There are two ways to reach the IP workflow launch page,

  1. Launch IP Search button: If this button is available on your My GenomeQuest landing page, just click it to launch the IP workflow.
  2. Through menu: On your My GenomeQuest page, click the Launch workflow button in the left panel and choose Sequence search -> IP.

Once on the IP launch page, you have to specify three things: (a) query sequence(s), (b) search strategy and (c) subject databases.

Query Sequence Input

Input your query sequence(s) in the main window, after having chosen if your sequences are nucleic or proteic:

Inputsequence.png

Sequences must be in one-letter code and must be in one of the following formats

Acceptable sequence formats

Raw format. You can input one sequence in raw format, i.e. just the sequence. All spaces, numbers and punctuation marks will be automatically removed. For instance:

tacgacgcagca agcagcactca acat agga 34
    atnagagataggnnatataggaggcccc 

Will be transformed into

tacgacgcagcaagcagcactcaacataggaatnagagataggnnatataggaggcccc

Fasta format. You can input one or more sequences in fasta format. Again, all spaces and punctuation marks will be ignored if they do not interfere with the fasta format. The basic fasta format is composed of a greater than sign ('>') immediately followed by an identifier (no space after '>', and only alpha-numerical characters and underscore in the identifier). Then, the line below that does not start with a '>' sign is considered to be the sequence. A second sequence can then follow, starting with a > sign, identifier and sequence:

>seq_1
gacatcacgacgcacgacctacac
acacggananannnaggagaatga

>seq_2
acagcagcgaccgacgaccagca
atcagcagcagcaccacactacgcagctacac
atcacgac


Uploaded queries

It is possible to use sequences that you already have uploaded as "annotated sequences".
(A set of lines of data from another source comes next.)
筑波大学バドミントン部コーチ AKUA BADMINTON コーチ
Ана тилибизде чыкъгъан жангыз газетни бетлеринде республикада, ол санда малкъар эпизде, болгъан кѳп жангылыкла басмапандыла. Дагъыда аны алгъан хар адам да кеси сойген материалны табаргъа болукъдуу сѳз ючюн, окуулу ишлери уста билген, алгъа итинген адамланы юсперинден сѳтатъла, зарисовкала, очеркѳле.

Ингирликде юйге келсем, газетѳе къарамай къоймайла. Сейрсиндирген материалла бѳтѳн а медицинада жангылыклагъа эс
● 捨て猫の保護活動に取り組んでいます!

Other Options in the Query area

Type of search: FTO or Patentability. These are two default search types. However, selecting either does not preclude you from manually over-riding later.

  1. Patent Databases only. This is the default option and selecting it searches patent databases.
  2. Patents and Public Reference Databases. Selecting this option searches patent and reference databases.
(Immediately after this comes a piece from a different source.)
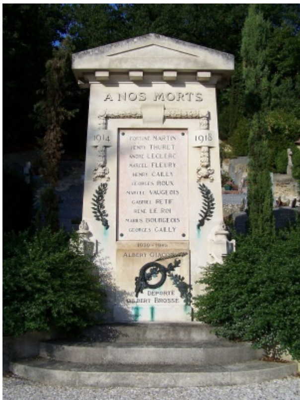
Évecquemont Monument aux morts.jpg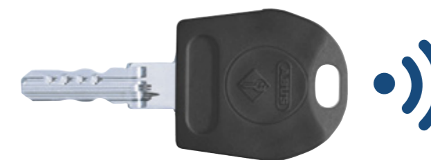
Elektronik & Mechanik

Ein Pluspunkt ist die Kombinierbarkeit mit mechanischen Schließsystemen von ABUS Pfaffenhain. Mit dieser Kombination kann man ein sinnvolles Gesamtkonzept erstellen und auch bei einem schmalen Budget eine interessante Lösung schaffen. Durch einen Kombischlüssel ist das sogar mit nur einem Schließmedium möglich.

See section #Automatic selection for more details.

Result Name. Give the result a name. This is the name under which the result will be displayed on the My GenomeQuest page.

Compare to both nucleotide and protein databases. Check this box, if you want to compare your sequence(s) to both nucleotide and protein databases. By default (if this box is left unchecked), nucleotide query sequences are searched against nucleotide databases and protein queries are searched against protein databases.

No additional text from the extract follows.